Tuttle leads the group over to the gibbon area. Something small drops from a tree. A chestnut? Let’s hope so. “Remember,” says Tuttle, “if they’re feeding, they’re pooping.”
A male gibbon—safely on the other side of a moat—swings and spins on ropes hung above the ground. The students watch him in delight, gasping and laughing.
“Woo! Woo!” Tuttle calls. That gets his attention. Both the male and the female retreat to their enclosure, a small wooden house right next to the walkway. Bang! The male swings forcefully against the window of the house. “He’s threatening us,” Tuttle explains. “Maybe our smiling is taken as a threat too.”
The male crashes against the window again, unintentionally giving the students a close-up glimpse of his long, thin hand and long, thin, black nails. “Oh!
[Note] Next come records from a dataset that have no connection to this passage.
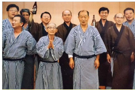
1994年4月 奥湯河原青巒荘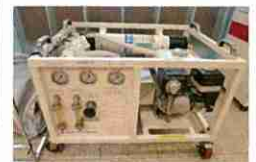
緊急災害用浄水器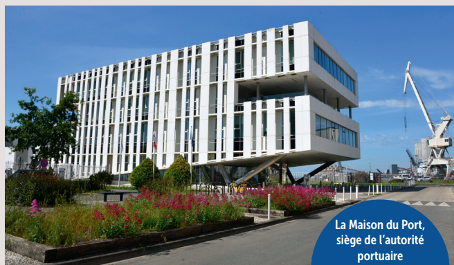
La Maison du Port, siège de l'autorité portuaire

Les fonctions transversales travaillent ensemble à de nouveaux outils plus performants pour le fonctionnement interne et le service aux clients, illustrés en 2025 par le développement de la plateforme Escale +.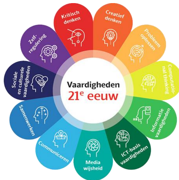
Figuur 3 Vaardigheden 21 e eeuw

Niet minder belangrijk is het ervoor zorgen dat de 21 e eeuwse vaardigheden een integraal deel vormen bij het bieden van het onderwijs in het algemeen en het afstandsonderwijs in het bijzonder. Een kwalitatief goed onderwijs en educatiesysteem hebben aandacht voor 21 e eeuwse vaardigheden en houden rekening met de verschillen in capaciteit en behoeftes van elk kind/jongere. Alleen dan kan ervoor gezorgd worden dat jonge mensen hun potenties beter ontwikkelen en gebruiken, dat ze minder vaak voortijdig, zonder diploma, het onderwijs verlaten en professioneel en ethisch gedrag ontwikkelen.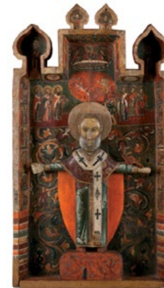
Скульптура Никола Можайский в киоте XVII в. Дерево, резьба, темпера

27 Каткова С. С. Нерехта и ее храмы // Наше наследие. 2002. № 62.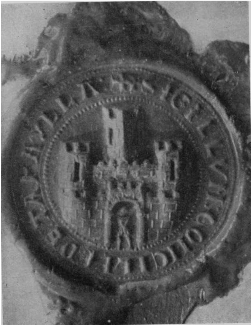
Fig. 3—Sello céreo pendiente de las ordenanzas del Concejo de Tafalla: 1309.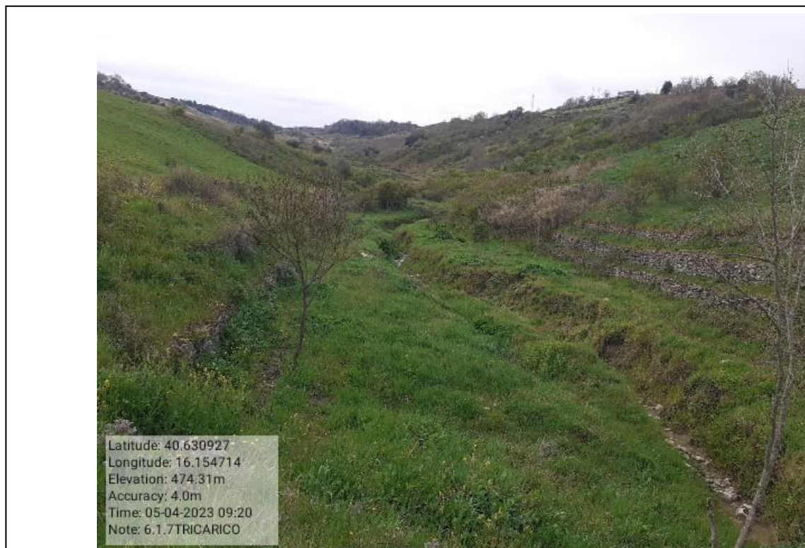
INTERVENTO 6.1.7 - TRICARICO Fg. 61 PARTE ACQUA VALLONE CASTAGNONE Foto n. 36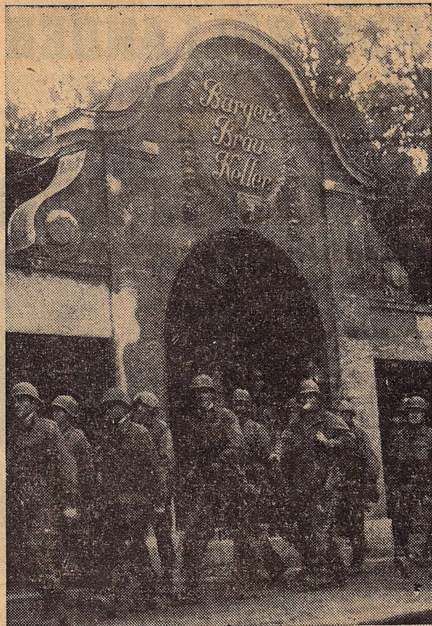
Sic transit gloria mundi! —Nadat München door de Amerikanen was veroverd, trokken hun troepen langs den ingang van den Bürgerbräukeller waar, meer dan twintig jaar geleden, het kwaad zijn loop begon. Eens daverden de muren van Hitlers oratorische effecten. Nu weerkaatsen zij den tred van Amerikaansche legers.

He hit me right in the face,” says Tuttle. “Yes, I’ve made an enemy.”
Later, the group watches the scheduled feedings of the gorillas and the bonobos—a farm-to-table lunch of carrots, endives, and tomatoes. Then we ride the bus back to the village for our own repast: trout terrine, duck confit, green beans, potatoes mashed with olive oil.
After lunch the students split up to gather material for their papers—due in class at 9:30 on Monday morning, in less than 48 hours. The question: “Which of the incarcerated apes at Menagerie du Jardin des Plantes”—last week’s excursion—“or La Vallée des Singes would you choose to be? (‘None’ is an unacceptable answer.)”
It’s turned into a stunningly warm afternoon. This is one of the last Saturdays of the year that the park is open to visitors. In the winter, its inhabitants—native to much warmer areas—prefer to remain in their enclosures.
On the train back to Paris, several students pull out laptops or tablets and begin typing out their drafts. At one point a student with a question leans across the aisle to ask her professor then and there. By the time the train arrives at Montparnasse, she’s written five pages.
“I’ll probably work on it some more when I get home,” she says, meaning her small single room in the American House of the Cité Universitaire. For these 10 short weeks, when she’s lodging in Paris, she can imagine herself not just as a captive primate, but also as a Parisian.